Once the audience understood that we’re working with traditional automation and control equipment, it was easy for them to understand the flow of data or information throughout the demo.
Next I showed them how to move the status of the switch_1 control tag into any modern software application that understands how to use RESTful APIs to send and receive data.
A great example of this is a web browser. So I opened up Chrome on my laptop and typed in a request URL—also known as a REST API endpoint—into the address bar. The request is formatted in such a way that it GETs a specific piece of information from the SNAP PAC controller.
Because the SNAP PAC controller powering the automation and control portion of the demo has a RESTful API, I can pretty much ask it for any data point in the control system (subject to authentication, of course). These include I/O points, system variables, and information about the control system itself.

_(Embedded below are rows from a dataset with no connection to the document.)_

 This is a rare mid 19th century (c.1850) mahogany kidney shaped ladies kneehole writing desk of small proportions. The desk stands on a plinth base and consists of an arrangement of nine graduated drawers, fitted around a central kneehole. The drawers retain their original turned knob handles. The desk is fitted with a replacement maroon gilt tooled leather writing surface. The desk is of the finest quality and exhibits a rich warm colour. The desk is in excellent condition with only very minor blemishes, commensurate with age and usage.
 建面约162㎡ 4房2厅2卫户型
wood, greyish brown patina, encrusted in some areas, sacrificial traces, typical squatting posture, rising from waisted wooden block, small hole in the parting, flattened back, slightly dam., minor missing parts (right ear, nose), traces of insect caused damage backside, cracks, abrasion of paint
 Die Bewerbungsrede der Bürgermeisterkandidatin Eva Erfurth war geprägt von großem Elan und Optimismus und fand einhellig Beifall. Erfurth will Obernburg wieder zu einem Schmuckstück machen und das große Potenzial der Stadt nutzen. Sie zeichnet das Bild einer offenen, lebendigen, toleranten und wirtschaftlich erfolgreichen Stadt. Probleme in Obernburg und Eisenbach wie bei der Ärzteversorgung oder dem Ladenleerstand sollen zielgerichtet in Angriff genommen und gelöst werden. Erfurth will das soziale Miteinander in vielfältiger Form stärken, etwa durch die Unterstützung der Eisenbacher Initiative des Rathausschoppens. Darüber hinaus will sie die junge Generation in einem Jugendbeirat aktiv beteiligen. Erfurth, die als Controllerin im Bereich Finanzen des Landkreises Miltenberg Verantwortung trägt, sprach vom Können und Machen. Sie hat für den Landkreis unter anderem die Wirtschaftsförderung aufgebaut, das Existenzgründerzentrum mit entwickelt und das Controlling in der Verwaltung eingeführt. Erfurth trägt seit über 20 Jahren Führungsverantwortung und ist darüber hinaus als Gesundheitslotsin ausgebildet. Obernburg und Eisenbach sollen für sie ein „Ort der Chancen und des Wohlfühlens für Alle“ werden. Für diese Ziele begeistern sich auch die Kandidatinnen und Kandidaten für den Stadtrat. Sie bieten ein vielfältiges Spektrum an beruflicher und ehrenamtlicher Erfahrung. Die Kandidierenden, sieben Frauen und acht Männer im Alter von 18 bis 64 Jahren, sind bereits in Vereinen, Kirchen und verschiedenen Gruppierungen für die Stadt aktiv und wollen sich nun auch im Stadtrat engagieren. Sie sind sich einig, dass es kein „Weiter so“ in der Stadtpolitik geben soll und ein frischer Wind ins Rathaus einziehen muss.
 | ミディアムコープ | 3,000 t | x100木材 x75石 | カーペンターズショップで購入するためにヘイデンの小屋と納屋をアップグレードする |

In the case of the demo, I used the URL or RESTful endpoint for the digital input points on the I/O rack. The controller quickly responds back with the information I’m looking for (note the URL in the browser's address bar in the image below; that's the REST API enpoint request).
APIs are basically just ways for different software applications to work together by requesting and providing information and resources. With a well-documented RESTful API, software applications like databases, cloud apps, and basic web browsers know how to ask for information they need, for example to build a basic KPI or OEE dashboard. Or you could even feed this information up to predictive analytics applications in the cloud, like IBM’s Watson IoT Platform.

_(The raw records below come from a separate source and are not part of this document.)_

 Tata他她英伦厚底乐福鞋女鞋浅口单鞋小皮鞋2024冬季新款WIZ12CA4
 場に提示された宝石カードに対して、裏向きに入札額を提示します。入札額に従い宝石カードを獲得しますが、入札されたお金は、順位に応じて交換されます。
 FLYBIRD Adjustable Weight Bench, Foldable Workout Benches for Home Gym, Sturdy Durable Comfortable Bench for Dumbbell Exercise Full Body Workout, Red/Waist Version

So at this point, the audience had a pretty good understanding of how RESTful APIs work. Or they were at least starting to get a handle on what I meant by IT applications and resources working more efficiently with OT assets like automation controllers and racks of I/O.
For the next part of the demo I wanted to show the audience how easily I could build an edge computing application that did some basic data analysis and manipulation using Node-RED running on the Opto 22 industrial edge computing appliance, called the groov Box. So, I built a basic Node-RED flow that looks like this:
The flow reads the status of switch_1 from the SNAP PAC controller every 2 seconds. The value comes in a boolean true or false. I then use the Change node (dark yellow) in Node-RED to convert that boolean value into contextual information that an operator can quickly read and understand. This gives operators better situational awareness.

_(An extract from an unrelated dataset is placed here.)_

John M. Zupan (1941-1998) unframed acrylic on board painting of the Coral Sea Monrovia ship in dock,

Of course, the Change node manipulating this data is pretty basic. But from that starting point you start to see the power that Node-RED offers. I’m reading and writing control system data and manipulating it all without having to write a single line of software code.
This is how Node-RED enables industrial IoT developers to quickly prototype applications, fail fast if there’s a problem, correct course, and get to meaningful value and ROI incredibly fast.
Once I'd showed the audience how to quickly move data into Node-RED, I wanted to show them how easy it is to send that data up to cloud applications like the IBM Watson IoT Platform. So I dragged a Watson node (blue node) into my flow and redeployed the flow.
Then, I logged into the IBM Watson app in the cloud and showed them how fast I could toggle the switch on my I/O rack and have that information show up in Watson. It was pretty quick, considering it was a cellular connection at the show. I’d say it took less than a second.
After the demo we had a lot of good discussion on these new IoT tools and what possibilities they might hold for OT and IT systems and personnel to start working more closely together.
Node-RED, RESTful APIs, and an overall embrace of both OT and IT technologies are what’s required to begin building these types of applications.